I know that if I consider the dual space $X^*$, then a neighbourhood basis of $f\in X^*$ is $\{g\in X^*:|g(x_i)-f(x_i)|<\epsilon, 1\leq i\leq l\}$ with $\epsilon>0$ and $x_i\in X$ for all $i$.
Similarly a neighbourhood basis in the topology induced by the norm is given by open balls.
Now my first question is, how can I think about the neighbourhood basis of $f\in X^*$?
So I know that by definition $\mathcal{B}$ is a neighbourhood basis of $x$ in a topological space $X$ if $x\in V$ for all $V\in \mathcal{B}$ and for all neighbourhood $U\ni x$ there exists $V\in \mathcal{B}$ such that $x\in V\subset U$.
But in our case I don't see how the neighbourhoods in the weak* topology looks like.
Additionaly I don't see how to show that a set which is weak* open also is norm open.
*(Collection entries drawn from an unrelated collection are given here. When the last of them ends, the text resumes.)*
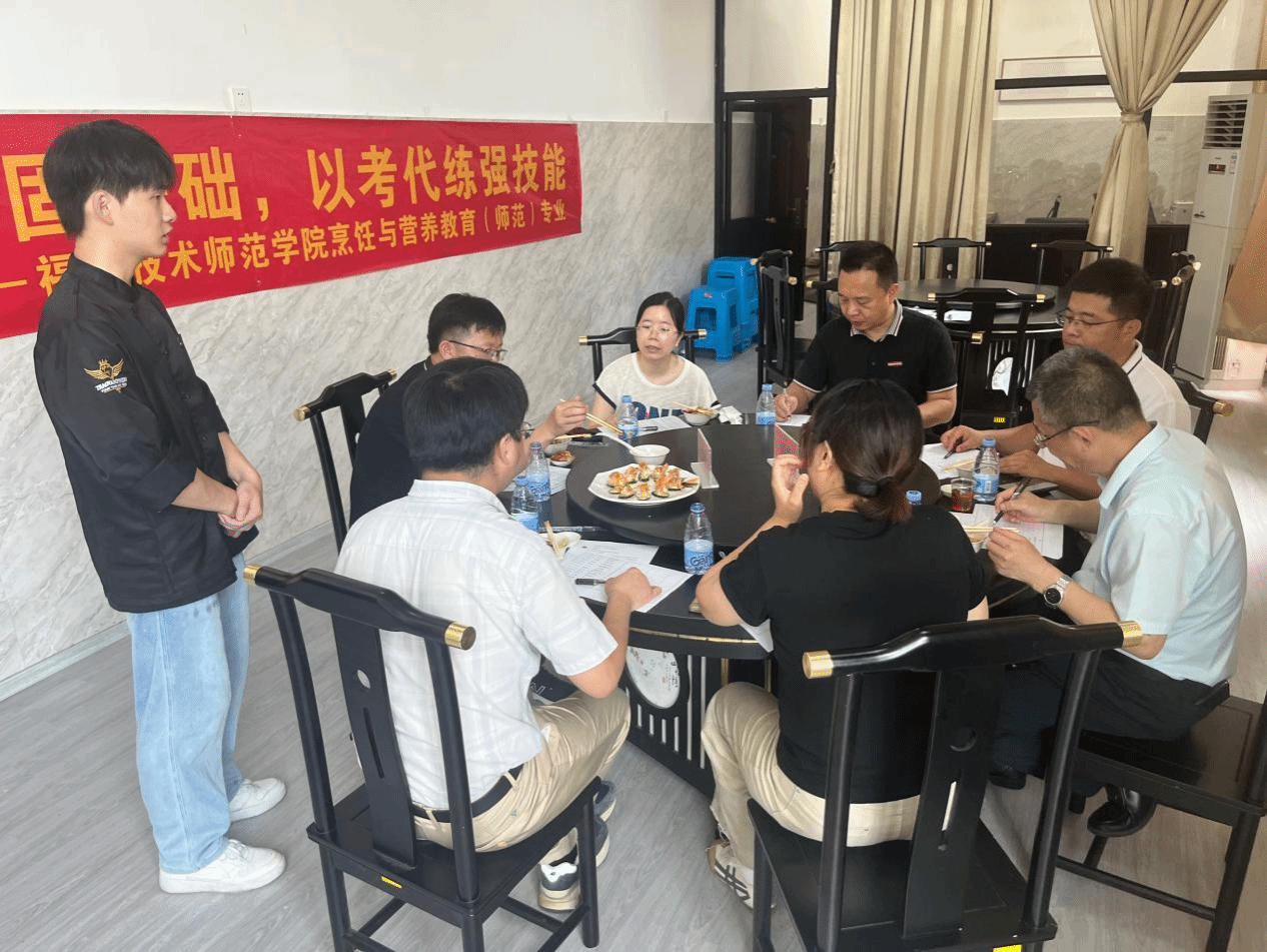 2024年6月12日上午,我院2023级烹饪与营养教育(师范)2班于石竹校区中式烹调室开展2023-2024学年第二学期《烹饪工艺学》课程“以赛代考”活动。学院领导高度重视本次活动,本次活动由任课老师郑金贵老师和黄义和老师组织,食品与生物工程学院院长叶瑞洪、书记林景亮、副院长施源德等院领导及各专业主任作为竞赛评委出席,23级烹饪与营养教育(师范)2班全体学生参加。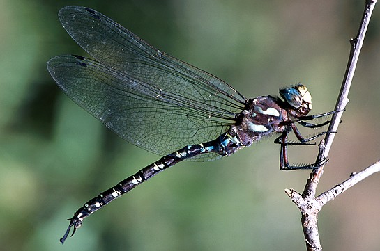 Where Riffle Darner is found it can be rather common. The male's eyes are blue. The thorax is brown with two lateral thoracic stripes that are blue above fading to yellow below. The anterior lateral thoracic stripe is narrowed at its upper 1/3 to form two separated stripes. The abdomen in the male has small blue spots on the anterior segments and yellow spots on the posterior s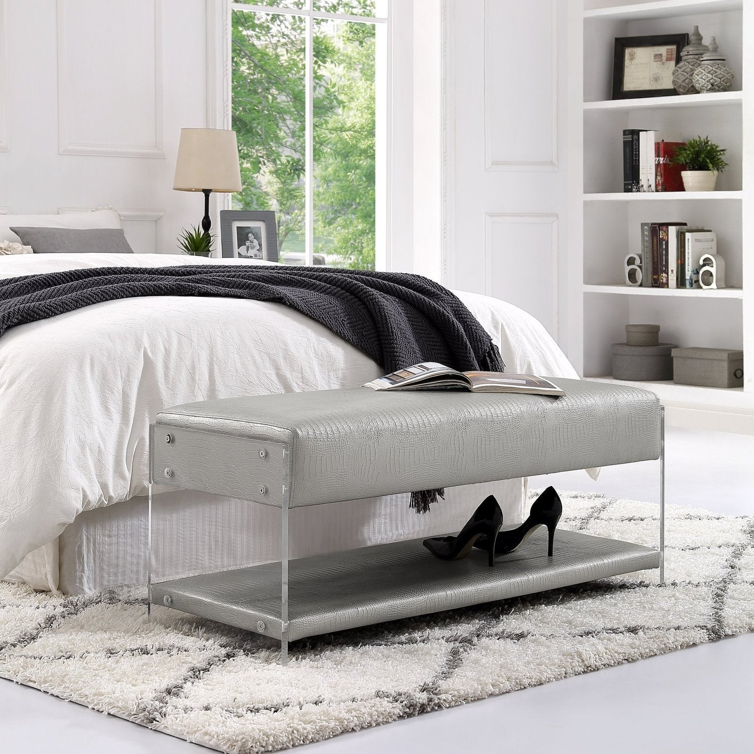 - GLAM - Bonded croc embossed PU leather bench with modern clear acrylic sides.

Could maybe someone answer my two questions?
There is no need to know how exactly a weak* open set looks like.
$\{g\in X^*:|g(x_i)-f(x_i)|<\epsilon, 1\leq i\leq l\}$ is open in the norm topology whenever $l\in \mathbb N$, $\epsilon>0$ and $x_i\in X$ for all $i$. This is because $g \mapsto g(x_i)$ is a continuous function for the norm topology . [$\{g\in X^*:|g(x_i)-f(x_i)|<\epsilon, 1\leq i\leq l\}=\bigcap_{1\leq i \leq l} \{g: g(x_i) \in (B(f(x_i),\epsilon))\}$]. Any open set in a topological space is a union of basic neighborhoods of its points.